Finding an approximate diagonal in a grid

Question

Imagine a 2 dimensional grid, with a variable size of $ x*y $. For this example of figure 1, let $ x=14; y=5 $.
Now one may position "pixels" in this gird. They can only be placed on the grid's points and not in between, meaning that $x$ and $y$ are integers ($ x=ℤ; y=ℤ $).

Let there be two points $ a(0|0) $ and $ b(x-1|y-1) $, which mark the end points of a diagonal crossing the grid.
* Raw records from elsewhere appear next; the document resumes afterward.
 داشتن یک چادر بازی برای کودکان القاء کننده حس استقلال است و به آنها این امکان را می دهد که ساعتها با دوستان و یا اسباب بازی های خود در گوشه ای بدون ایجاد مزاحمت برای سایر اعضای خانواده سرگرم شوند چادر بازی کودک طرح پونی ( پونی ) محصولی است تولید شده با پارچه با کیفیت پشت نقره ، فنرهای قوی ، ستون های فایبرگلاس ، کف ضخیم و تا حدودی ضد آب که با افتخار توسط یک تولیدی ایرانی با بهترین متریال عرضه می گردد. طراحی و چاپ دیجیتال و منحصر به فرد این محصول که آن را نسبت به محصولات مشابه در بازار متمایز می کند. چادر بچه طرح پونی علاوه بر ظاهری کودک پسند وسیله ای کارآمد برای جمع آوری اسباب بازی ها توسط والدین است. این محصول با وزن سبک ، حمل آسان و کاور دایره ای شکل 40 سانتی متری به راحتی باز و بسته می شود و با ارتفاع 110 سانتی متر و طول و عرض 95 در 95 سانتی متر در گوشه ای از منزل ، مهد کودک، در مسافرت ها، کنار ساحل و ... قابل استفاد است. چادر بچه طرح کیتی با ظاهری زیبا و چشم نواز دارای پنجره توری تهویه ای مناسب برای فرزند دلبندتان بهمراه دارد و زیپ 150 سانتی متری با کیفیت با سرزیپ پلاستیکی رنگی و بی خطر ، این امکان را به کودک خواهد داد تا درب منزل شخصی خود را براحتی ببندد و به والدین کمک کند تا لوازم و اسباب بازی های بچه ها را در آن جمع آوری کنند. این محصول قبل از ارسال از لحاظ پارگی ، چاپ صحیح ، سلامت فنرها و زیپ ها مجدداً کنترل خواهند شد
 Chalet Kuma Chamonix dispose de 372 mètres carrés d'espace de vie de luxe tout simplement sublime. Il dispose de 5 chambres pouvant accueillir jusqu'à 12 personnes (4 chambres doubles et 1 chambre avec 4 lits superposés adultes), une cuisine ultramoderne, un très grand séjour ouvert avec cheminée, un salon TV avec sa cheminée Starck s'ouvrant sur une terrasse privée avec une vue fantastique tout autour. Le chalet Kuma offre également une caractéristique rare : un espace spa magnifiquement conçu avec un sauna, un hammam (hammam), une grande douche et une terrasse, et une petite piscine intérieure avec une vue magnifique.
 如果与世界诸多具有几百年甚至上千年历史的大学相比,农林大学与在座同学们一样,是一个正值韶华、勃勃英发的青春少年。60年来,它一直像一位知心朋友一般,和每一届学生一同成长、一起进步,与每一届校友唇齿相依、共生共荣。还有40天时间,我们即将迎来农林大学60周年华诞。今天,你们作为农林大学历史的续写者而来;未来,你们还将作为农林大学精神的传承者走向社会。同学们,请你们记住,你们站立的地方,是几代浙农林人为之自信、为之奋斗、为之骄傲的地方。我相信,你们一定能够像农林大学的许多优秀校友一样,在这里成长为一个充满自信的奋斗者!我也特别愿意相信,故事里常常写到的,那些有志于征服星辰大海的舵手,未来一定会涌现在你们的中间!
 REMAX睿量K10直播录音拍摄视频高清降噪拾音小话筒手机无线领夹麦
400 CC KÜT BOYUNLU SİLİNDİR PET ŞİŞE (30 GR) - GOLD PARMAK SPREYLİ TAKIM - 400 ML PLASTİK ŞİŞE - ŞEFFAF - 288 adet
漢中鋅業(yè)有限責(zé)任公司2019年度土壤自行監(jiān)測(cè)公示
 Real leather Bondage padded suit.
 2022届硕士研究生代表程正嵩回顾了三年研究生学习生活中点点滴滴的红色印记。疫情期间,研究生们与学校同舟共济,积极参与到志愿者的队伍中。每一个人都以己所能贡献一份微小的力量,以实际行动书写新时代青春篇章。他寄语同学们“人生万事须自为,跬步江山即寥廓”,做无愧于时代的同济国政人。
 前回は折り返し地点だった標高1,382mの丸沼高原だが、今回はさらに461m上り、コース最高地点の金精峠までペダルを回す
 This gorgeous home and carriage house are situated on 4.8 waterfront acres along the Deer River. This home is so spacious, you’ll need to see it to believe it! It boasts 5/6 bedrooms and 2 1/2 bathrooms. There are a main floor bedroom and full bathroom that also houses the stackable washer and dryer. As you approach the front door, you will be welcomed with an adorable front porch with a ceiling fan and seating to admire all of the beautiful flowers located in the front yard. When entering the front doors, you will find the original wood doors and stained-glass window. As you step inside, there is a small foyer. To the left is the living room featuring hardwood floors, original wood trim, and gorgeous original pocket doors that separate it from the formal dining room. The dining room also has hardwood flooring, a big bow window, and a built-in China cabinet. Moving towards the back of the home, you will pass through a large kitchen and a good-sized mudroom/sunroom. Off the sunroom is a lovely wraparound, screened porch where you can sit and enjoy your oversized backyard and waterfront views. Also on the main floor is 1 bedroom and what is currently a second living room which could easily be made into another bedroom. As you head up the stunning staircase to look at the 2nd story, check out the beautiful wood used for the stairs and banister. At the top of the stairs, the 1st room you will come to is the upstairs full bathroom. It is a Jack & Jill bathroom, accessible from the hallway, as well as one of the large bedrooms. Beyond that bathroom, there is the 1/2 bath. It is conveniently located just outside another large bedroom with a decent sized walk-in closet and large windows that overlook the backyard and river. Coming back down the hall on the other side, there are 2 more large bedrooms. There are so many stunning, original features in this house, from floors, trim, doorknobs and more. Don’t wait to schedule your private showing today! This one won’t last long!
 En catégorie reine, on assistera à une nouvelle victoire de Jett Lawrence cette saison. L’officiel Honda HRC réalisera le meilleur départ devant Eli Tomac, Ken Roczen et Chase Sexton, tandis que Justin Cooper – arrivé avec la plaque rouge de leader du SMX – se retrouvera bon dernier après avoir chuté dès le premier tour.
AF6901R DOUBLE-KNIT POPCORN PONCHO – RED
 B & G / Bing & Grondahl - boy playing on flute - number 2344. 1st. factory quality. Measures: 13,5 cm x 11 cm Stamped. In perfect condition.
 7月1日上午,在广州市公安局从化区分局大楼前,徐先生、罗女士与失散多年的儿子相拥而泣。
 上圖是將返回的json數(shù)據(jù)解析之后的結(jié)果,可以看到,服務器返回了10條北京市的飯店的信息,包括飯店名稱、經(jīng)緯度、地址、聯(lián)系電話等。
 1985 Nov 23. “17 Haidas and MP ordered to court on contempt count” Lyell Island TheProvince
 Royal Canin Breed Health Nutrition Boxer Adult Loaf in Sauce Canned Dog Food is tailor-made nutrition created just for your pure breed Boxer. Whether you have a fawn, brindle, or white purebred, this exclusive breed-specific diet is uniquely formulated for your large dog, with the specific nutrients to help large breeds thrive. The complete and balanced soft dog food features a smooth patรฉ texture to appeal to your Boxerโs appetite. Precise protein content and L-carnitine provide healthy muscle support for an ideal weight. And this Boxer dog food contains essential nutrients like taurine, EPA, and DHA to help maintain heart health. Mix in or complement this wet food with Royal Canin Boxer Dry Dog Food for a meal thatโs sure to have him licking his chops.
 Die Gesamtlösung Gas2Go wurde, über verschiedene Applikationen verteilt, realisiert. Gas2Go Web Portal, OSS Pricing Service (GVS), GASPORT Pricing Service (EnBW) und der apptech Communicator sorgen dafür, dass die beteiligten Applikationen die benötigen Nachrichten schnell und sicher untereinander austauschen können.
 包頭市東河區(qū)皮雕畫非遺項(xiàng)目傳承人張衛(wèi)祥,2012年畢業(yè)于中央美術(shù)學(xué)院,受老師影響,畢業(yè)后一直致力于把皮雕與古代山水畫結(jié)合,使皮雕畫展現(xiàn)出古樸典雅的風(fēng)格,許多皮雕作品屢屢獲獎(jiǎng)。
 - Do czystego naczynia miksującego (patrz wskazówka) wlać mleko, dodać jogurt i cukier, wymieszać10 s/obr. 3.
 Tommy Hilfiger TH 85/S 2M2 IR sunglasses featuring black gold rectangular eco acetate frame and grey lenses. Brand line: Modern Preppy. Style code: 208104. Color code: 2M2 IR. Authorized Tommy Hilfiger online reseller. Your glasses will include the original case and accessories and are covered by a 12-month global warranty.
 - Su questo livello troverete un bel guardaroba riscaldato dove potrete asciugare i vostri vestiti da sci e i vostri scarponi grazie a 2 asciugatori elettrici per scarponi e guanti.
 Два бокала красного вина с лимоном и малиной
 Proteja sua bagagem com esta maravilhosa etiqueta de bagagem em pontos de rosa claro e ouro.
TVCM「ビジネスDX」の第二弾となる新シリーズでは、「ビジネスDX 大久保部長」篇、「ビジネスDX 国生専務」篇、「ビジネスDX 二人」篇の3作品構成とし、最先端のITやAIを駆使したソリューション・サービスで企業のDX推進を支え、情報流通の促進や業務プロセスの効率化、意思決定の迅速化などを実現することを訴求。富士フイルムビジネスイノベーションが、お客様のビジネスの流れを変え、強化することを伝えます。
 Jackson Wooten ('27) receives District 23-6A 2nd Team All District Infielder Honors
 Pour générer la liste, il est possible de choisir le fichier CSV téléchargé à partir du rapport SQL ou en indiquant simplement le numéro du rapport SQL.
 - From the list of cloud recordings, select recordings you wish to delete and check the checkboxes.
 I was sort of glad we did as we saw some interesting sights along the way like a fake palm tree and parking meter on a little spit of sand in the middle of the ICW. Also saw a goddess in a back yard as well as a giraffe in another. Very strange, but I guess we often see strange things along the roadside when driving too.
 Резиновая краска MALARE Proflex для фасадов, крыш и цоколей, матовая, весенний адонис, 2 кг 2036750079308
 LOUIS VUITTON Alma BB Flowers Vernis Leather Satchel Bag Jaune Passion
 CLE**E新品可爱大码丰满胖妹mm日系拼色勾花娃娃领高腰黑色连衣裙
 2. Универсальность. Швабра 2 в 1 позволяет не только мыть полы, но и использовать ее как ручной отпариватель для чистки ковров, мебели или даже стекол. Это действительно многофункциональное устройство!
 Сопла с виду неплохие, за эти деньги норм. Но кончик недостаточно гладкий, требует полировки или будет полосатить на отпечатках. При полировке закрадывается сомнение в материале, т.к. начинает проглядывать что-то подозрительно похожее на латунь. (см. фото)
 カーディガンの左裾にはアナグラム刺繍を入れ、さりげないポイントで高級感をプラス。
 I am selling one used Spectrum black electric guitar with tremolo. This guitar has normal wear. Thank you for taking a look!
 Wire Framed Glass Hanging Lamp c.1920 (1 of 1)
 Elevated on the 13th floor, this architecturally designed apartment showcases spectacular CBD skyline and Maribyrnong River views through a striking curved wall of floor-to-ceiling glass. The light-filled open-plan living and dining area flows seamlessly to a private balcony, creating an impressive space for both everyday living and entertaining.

Constructing a function which gives the diagonal would be pretty trivial, if we would allow $ x=ℚ; y=ℚ $. But how can I create a function (or algorithm) that returns a diagonal as shown in figure 2, that has rotational symmetry?
It may also look like figure 3, distributing the pixels as evenly as possible, but without regarding any symmetry.

Figure 1
o o o o o o o o o o o o o b
o o o o o o o o o o o o o o
o o o o o o o o o o o o o o
o o o o o o o o o o o o o o
a o o o o o o o o o o o o o

Figure 2                            Figure 3
o o o o o o o o o o o + + b    |    o o o o o o o o o o o o + b
o o o o o o o o + + + o o o    |    o o o o o o o o o + + + o o 
o o o o o o + + o o o o o o    |    o o o o o o + + + o o o o o  
o o o + + + o o o o o o o o    |    o o o + + + o o o o o o o o
a + + o o o o o o o o o o o    |    a + + o o o o o o o o o o o 

Answer 1

How about the function, vertical coordinate is nearest integer to ($5/14$ times horizontal coordinate)?

Answer 2

Let $y \geq x$ without loss of generality. One way is to start at $a$ and drop $\left \lfloor\dfrac{y}x \right \rfloor$ pixels to right of $a$ in the furst row and then go one row up and repeat this till you reach $b$.

Answer 3

If your grid is $x \times y$ with $x \ge y$ and $x$ horizontal (as in your figures), and the lower left is $(0,0)$, the upper right is $(x-1,y-1)$ the true diagonal will cross row $a$ at $\frac {a(y-1)}{x-1}$. You could check whether this is an integer, then if it is take only that point, otherwise take the two points on either side: $(a,\lfloor \frac {a(y-1)}{x-1} \rfloor)$ and $(a,\lceil \frac {a(y-1)}{x-1} \rceil)$. This will be symmetric around the center.

The variety of answers you have gotten shows that there are many reasonable answers-you need to try them and find which suits your needs.